Наперекор порядку вещей... (Четыре хроники честной автобиографии) - Оруэлл Джордж. Страница 19

Иногда утром Борис просыпался на дне отчаяния. Лежал в кровати, чуть не плача, проклиная еврея, у которого жил. Еврей последнее время начал капризничать насчет выдачи ежедневных двух франков и, того хуже, напустил на себя важный, снисходительный вид. Борис говорил, что мне, англичанину, не понять, сколь мучительно русскому благородному человеку оказаться под еврейской пятой.

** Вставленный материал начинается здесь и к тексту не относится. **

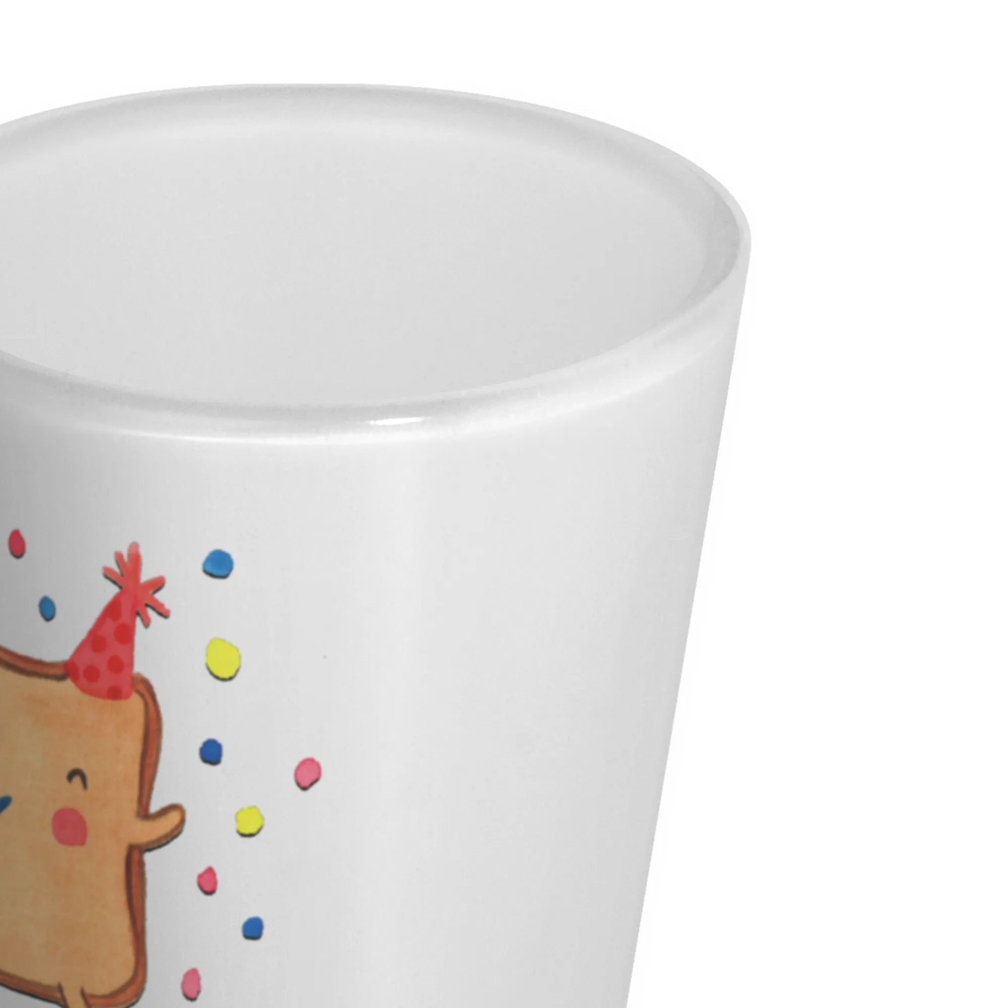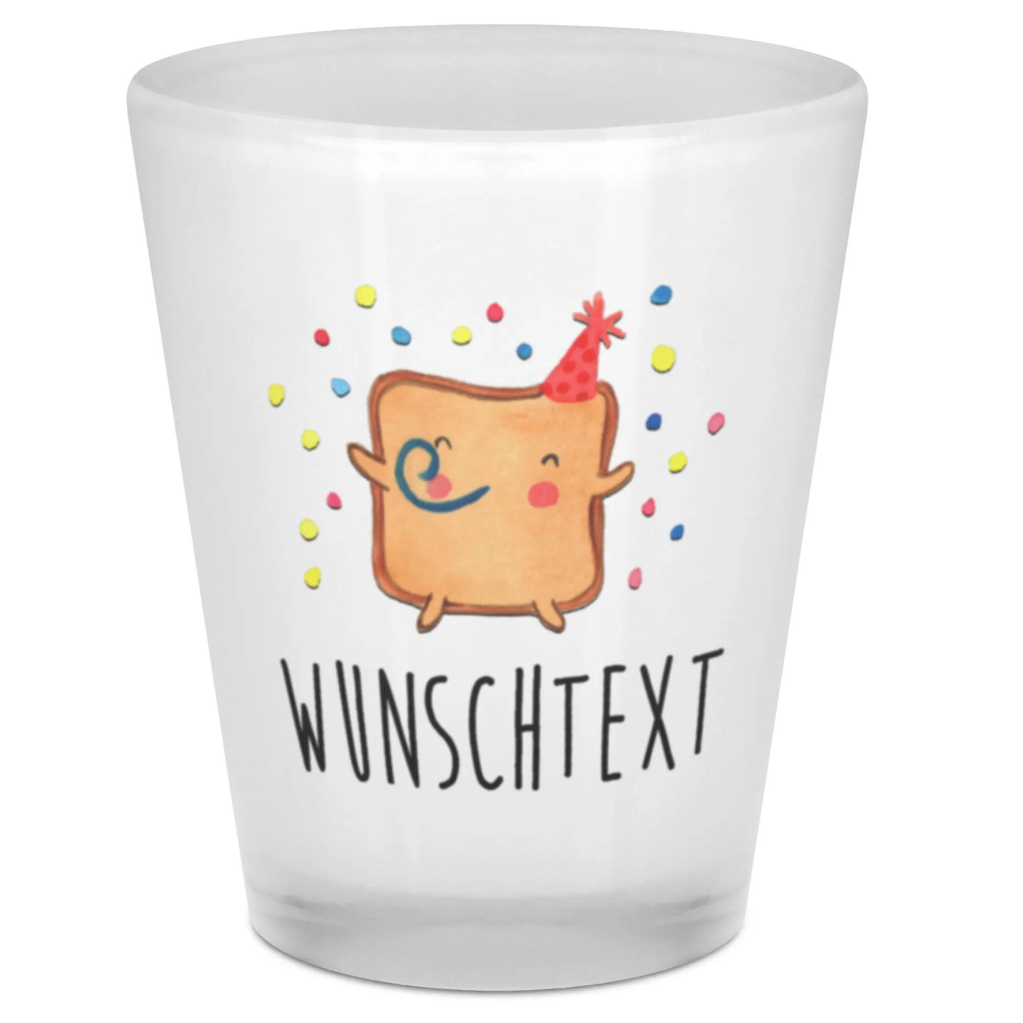 Das Schnapsglas ist aus hochwertigem satiniertem Glas gefertigt und beeindruckt durch seinen brillanten Vollfarb-Glasdruck. Der lustige Toast mit Augen, Wangen und einem lächelnden Gesicht, der einen Partyhut trägt, sorgt für Freude und eine festliche Atmosphäre. Rund um den Toast verleihen mehrfarbige Konfetti-Punkte dem Motiv das gewisse Etwas. Mit einem Füllvolumen von 40 ml ist es perfekt für die nächste Toast-Runde mit Freunden oder der Familie geeignet.

„Еврей, mon ami, — философски определял он, — это истинный еврей! Даже порядочности ему не хватает стыдиться этого. Подумать только, что российский офицер — не помню, говорил ли я тебе, mon ami, что служил капитаном во Втором сибирском? Да, капитаном, а отец-то полковником был. И вот я, куском хлеба обязанный еврею. Евреи это…

Вот я тебе расскажу, кто это. Как-то в начале войны шли мы маршем, остановились на ночлег в одной деревне. Жуткий старый еврей, борода рыжая как у Иуды, прокрался в мое помещение для постоя. Спрашиваю, чего ему надо. „Ваша честь, — говорит он, — я привел вам красивую юную девушку, только семнадцать исполнилось. И будет всего лишь пятьдесят франков“. — „Спасибо, — отвечаю, — не хватало мне еще подхватить заразу“. — „Заразу! — кричит еврей, — mais, monsieur le capitaine [47], об этом можете не беспокоиться, это же моя собственная дочь!“. Вот тебе еврейский характер.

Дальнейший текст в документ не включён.